§ **Available data**:
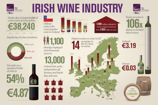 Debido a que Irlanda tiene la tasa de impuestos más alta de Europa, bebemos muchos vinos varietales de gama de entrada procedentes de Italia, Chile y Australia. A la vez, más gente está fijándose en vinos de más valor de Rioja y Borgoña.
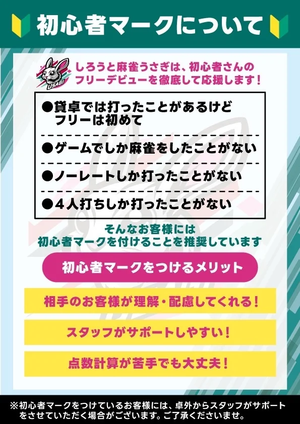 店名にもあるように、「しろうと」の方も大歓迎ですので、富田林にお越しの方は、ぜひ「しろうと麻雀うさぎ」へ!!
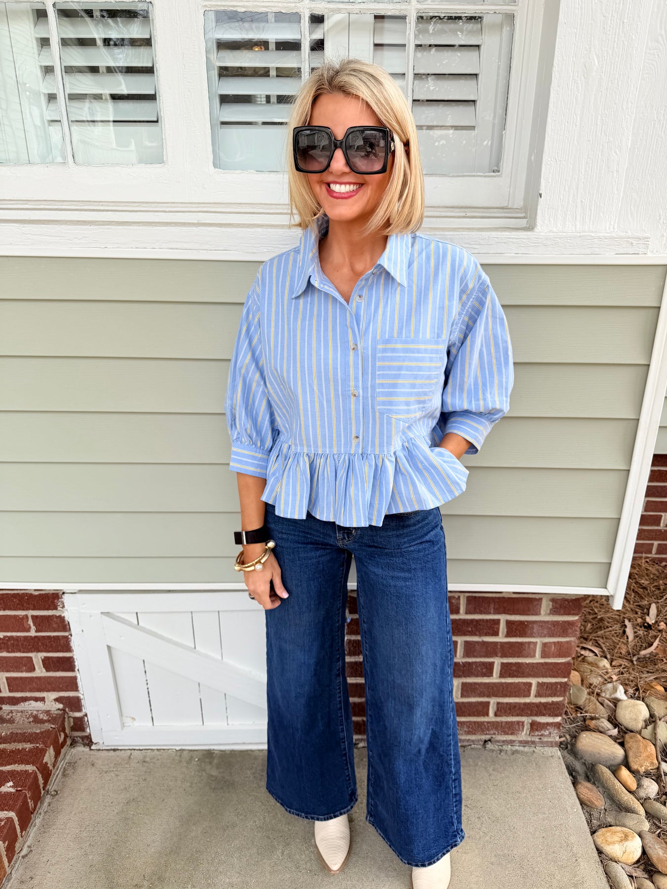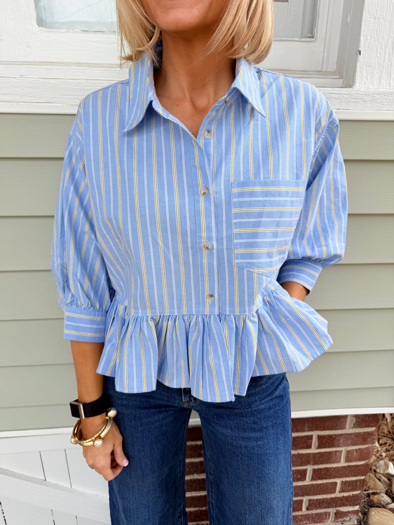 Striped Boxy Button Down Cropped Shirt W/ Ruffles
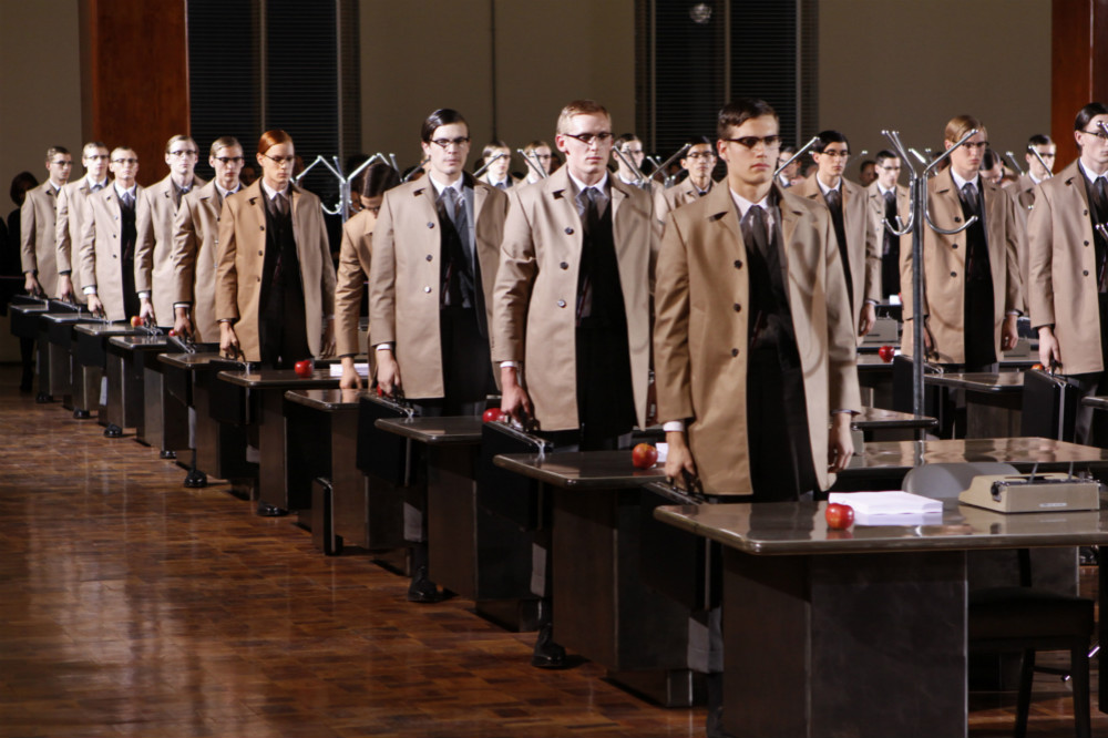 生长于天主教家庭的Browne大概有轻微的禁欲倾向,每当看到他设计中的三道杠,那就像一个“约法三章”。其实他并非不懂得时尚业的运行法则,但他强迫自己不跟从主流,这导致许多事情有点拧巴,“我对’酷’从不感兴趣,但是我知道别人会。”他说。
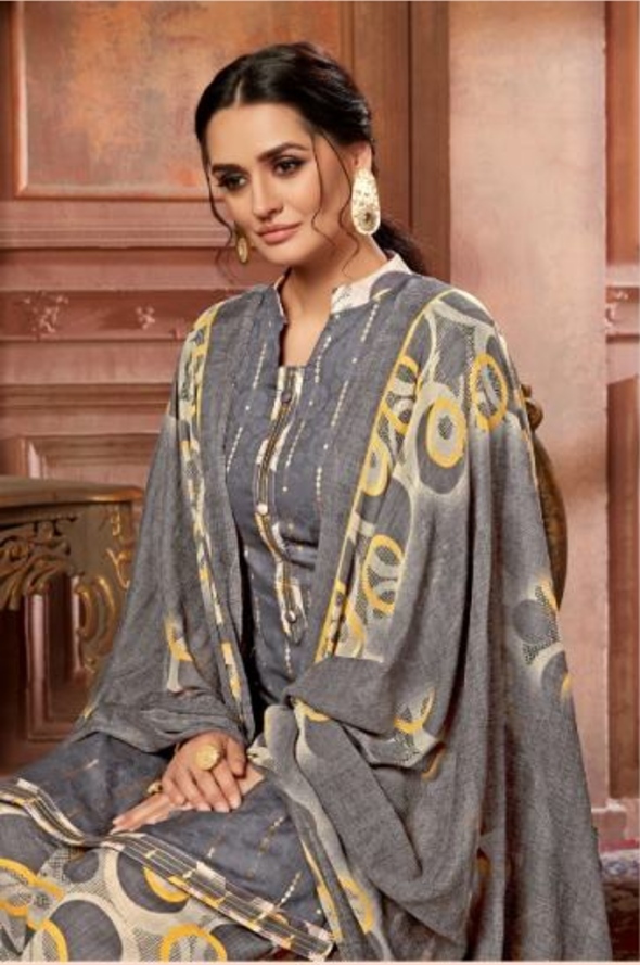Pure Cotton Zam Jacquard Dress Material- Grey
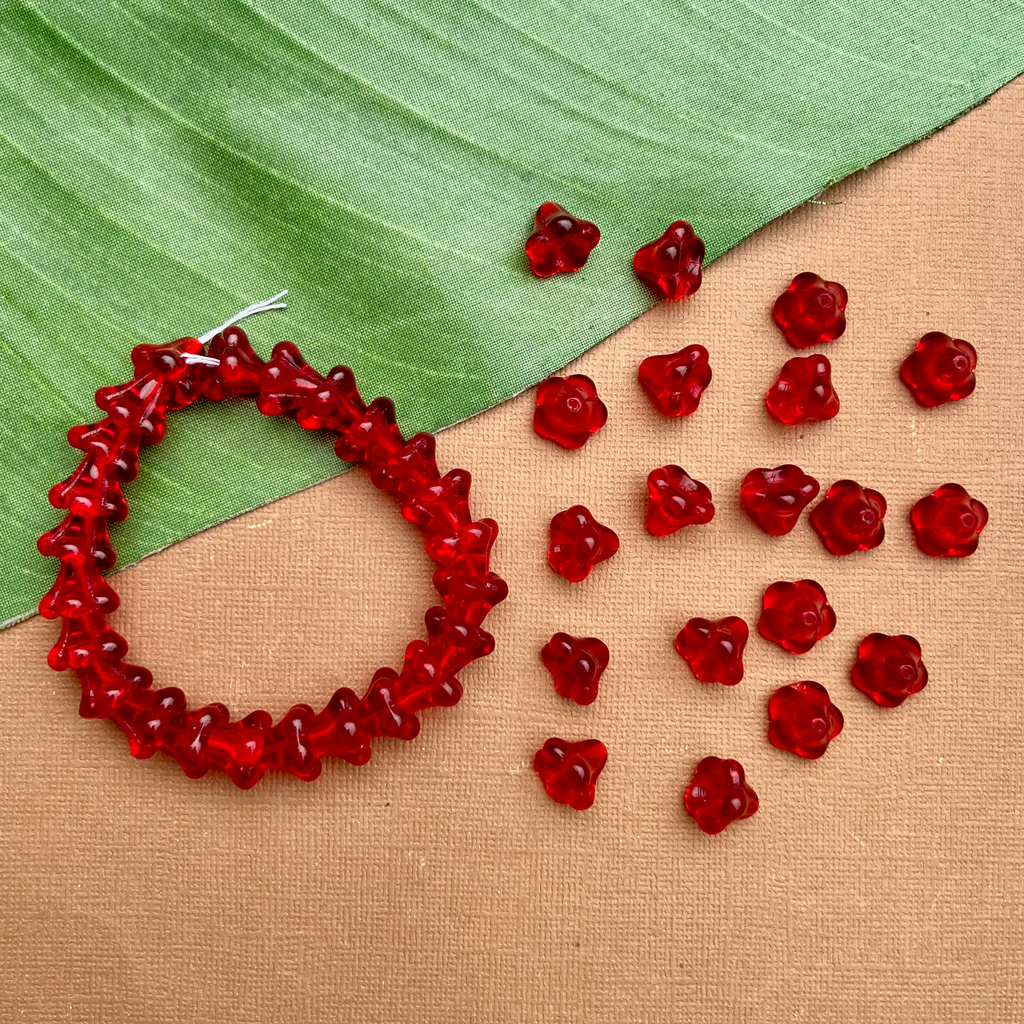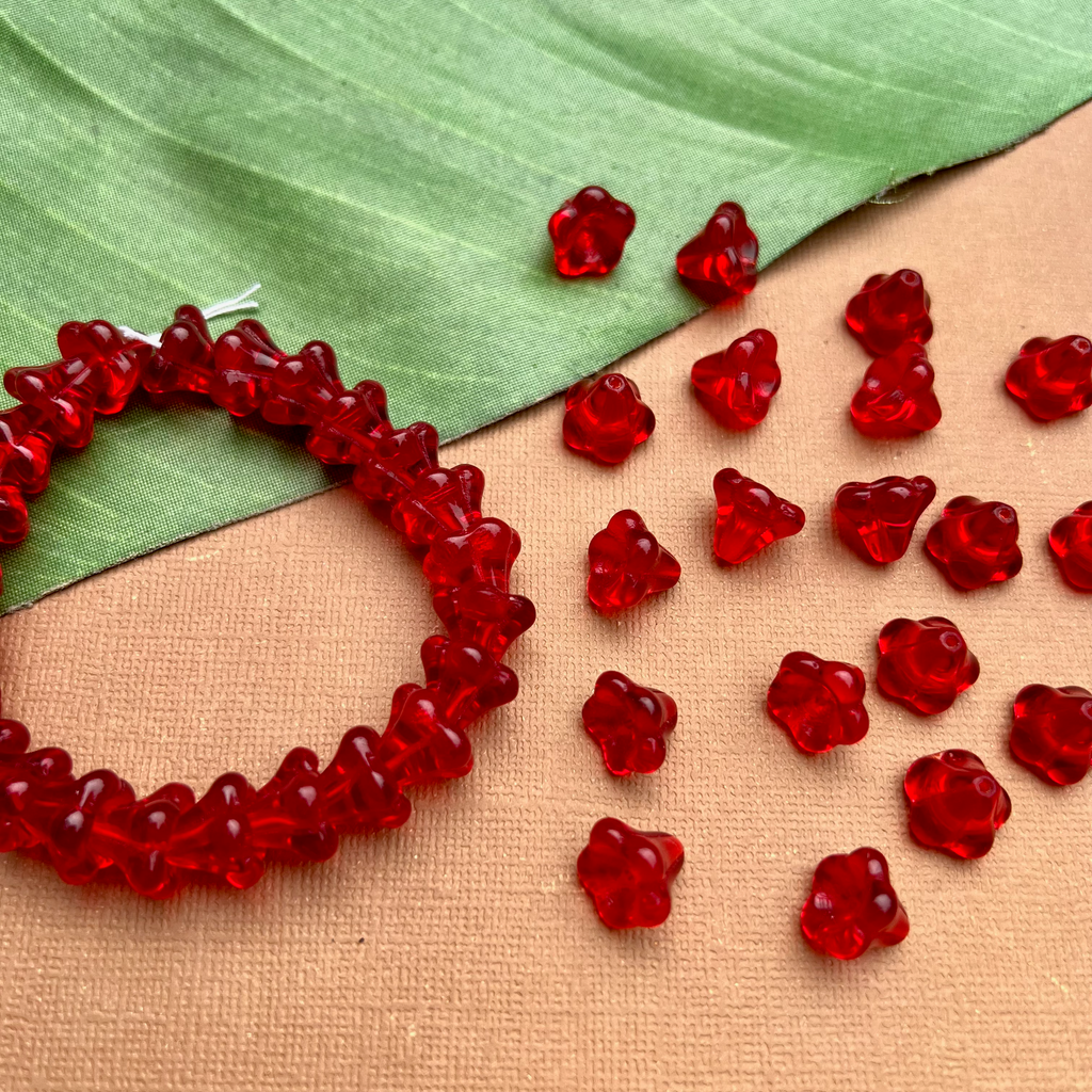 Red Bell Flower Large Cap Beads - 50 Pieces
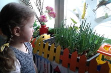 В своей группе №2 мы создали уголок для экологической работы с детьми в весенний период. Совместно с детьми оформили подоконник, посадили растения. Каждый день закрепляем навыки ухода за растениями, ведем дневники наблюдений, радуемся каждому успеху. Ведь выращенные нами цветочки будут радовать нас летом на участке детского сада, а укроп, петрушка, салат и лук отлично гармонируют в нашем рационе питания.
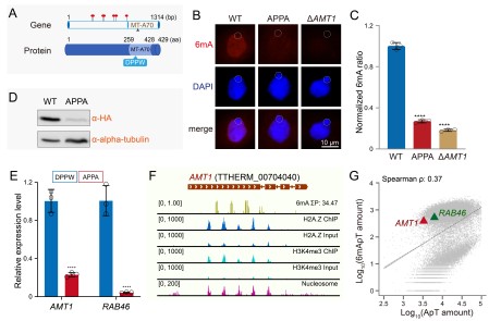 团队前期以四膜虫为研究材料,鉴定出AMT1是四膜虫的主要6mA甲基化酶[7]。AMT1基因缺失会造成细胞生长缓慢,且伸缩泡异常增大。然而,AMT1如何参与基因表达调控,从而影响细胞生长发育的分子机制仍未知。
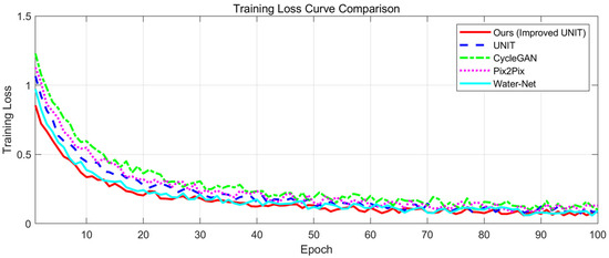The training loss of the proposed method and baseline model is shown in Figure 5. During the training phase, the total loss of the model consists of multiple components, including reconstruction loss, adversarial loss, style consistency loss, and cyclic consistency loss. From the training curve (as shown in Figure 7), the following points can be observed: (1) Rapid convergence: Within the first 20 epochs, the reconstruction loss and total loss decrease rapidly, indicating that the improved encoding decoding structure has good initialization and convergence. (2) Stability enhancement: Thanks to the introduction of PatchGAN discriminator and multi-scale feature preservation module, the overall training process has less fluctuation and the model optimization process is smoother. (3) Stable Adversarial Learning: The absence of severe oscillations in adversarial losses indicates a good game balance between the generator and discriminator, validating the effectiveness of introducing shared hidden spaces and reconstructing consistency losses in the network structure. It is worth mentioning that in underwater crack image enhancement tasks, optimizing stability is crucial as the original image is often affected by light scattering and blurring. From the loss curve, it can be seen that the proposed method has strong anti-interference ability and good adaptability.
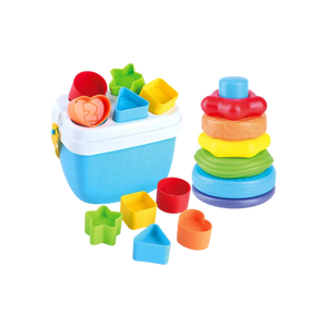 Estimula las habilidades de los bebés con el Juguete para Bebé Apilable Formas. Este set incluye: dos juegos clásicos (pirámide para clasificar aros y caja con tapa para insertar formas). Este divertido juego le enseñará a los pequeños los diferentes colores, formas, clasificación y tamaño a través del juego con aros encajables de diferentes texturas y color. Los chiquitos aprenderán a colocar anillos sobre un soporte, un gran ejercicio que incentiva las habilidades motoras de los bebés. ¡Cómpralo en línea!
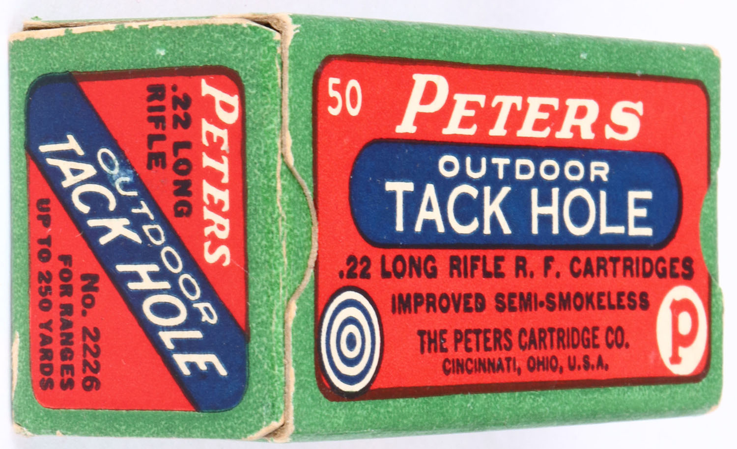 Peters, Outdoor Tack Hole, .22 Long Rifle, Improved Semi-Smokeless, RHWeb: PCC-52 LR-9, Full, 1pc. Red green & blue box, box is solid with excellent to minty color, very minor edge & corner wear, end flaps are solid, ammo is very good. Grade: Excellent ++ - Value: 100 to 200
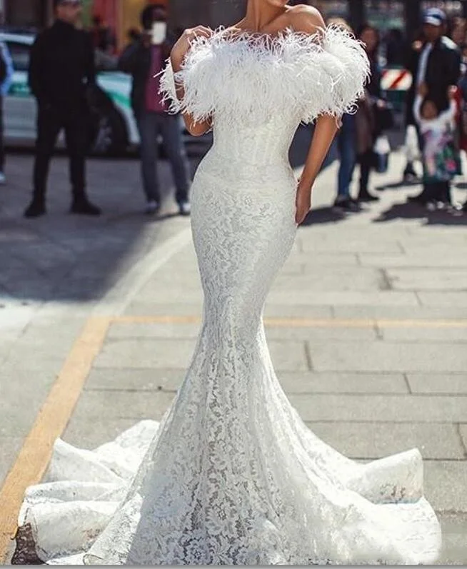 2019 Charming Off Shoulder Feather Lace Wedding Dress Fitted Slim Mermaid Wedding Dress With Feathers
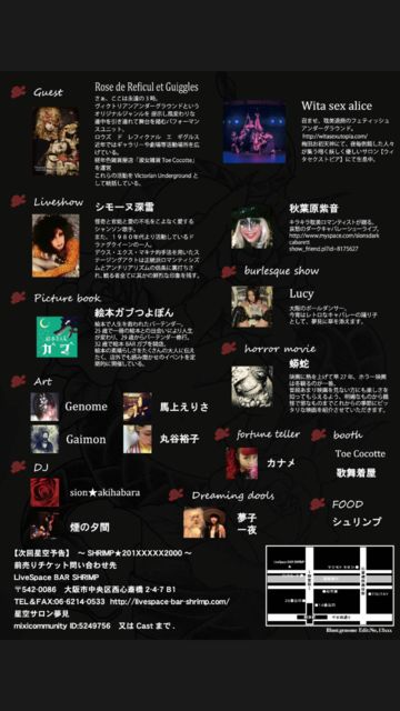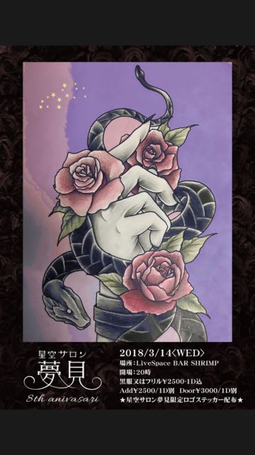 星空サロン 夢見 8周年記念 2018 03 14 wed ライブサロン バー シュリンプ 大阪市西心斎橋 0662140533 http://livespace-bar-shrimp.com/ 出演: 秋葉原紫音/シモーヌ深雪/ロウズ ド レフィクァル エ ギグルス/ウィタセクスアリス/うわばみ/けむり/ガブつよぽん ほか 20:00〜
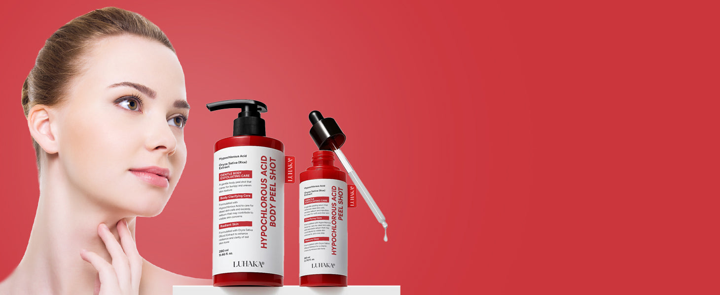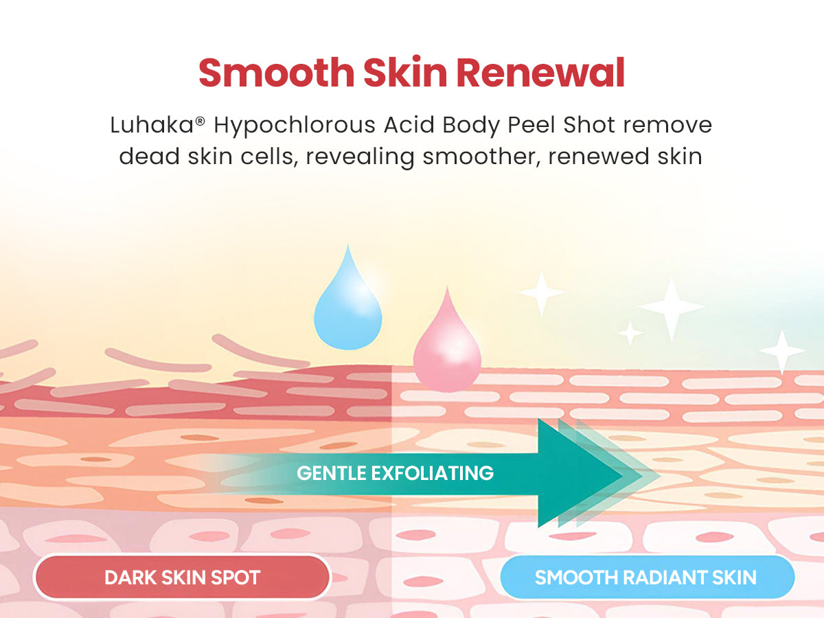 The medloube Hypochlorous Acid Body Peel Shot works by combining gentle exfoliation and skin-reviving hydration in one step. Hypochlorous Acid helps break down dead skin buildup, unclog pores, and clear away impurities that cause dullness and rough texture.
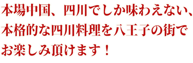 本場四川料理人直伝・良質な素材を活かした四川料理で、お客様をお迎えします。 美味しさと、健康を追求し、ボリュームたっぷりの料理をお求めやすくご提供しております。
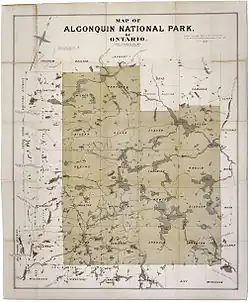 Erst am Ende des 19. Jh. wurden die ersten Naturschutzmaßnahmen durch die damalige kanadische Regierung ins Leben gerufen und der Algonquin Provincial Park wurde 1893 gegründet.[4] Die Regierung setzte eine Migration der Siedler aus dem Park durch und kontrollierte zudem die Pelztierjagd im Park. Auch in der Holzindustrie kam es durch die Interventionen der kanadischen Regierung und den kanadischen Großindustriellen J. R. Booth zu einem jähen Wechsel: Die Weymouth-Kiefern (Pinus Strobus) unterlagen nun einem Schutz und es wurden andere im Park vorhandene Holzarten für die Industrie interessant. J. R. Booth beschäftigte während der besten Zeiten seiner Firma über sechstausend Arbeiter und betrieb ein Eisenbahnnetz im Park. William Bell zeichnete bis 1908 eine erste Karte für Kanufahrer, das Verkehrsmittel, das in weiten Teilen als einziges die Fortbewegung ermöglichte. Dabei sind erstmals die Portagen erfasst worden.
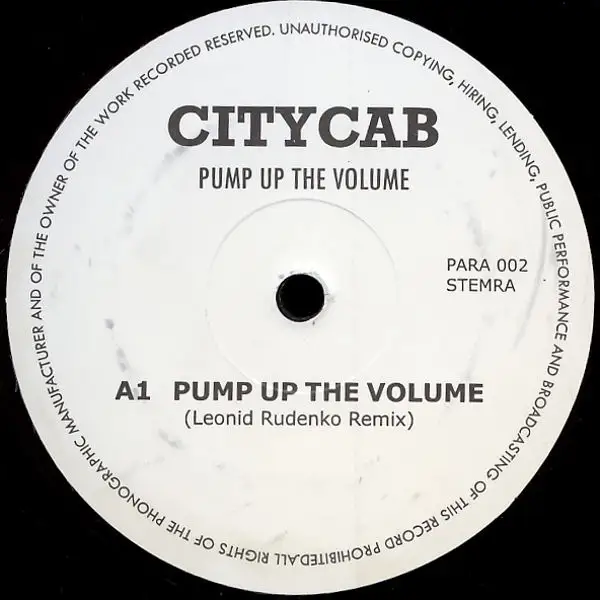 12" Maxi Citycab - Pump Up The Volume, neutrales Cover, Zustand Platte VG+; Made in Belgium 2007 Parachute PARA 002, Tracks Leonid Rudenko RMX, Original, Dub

§ **Your objective**: Reproduce the records exactly, starting with their first line and ending with the line that contains "团队前期以四膜虫为研究材料,鉴定出AMT", though pictures should be dropped.

§ **Solution**:
 Debido a que Irlanda tiene la tasa de impuestos más alta de Europa, bebemos muchos vinos varietales de gama de entrada procedentes de Italia, Chile y Australia. A la vez, más gente está fijándose en vinos de más valor de Rioja y Borgoña.
 店名にもあるように、「しろうと」の方も大歓迎ですので、富田林にお越しの方は、ぜひ「しろうと麻雀うさぎ」へ!!
 Striped Boxy Button Down Cropped Shirt W/ Ruffles
 生长于天主教家庭的Browne大概有轻微的禁欲倾向,每当看到他设计中的三道杠,那就像一个“约法三章”。其实他并非不懂得时尚业的运行法则,但他强迫自己不跟从主流,这导致许多事情有点拧巴,“我对’酷’从不感兴趣,但是我知道别人会。”他说。
Pure Cotton Zam Jacquard Dress Material- Grey
 Red Bell Flower Large Cap Beads - 50 Pieces
 В своей группе №2 мы создали уголок для экологической работы с детьми в весенний период. Совместно с детьми оформили подоконник, посадили растения. Каждый день закрепляем навыки ухода за растениями, ведем дневники наблюдений, радуемся каждому успеху. Ведь выращенные нами цветочки будут радовать нас летом на участке детского сада, а укроп, петрушка, салат и лук отлично гармонируют в нашем рационе питания.
 团队前期以四膜虫为研究材料,鉴定出AMT1是四膜虫的主要6mA甲基化酶[7]。AMT1基因缺失会造成细胞生长缓慢,且伸缩泡异常增大。然而,AMT1如何参与基因表达调控,从而影响细胞生长发育的分子机制仍未知。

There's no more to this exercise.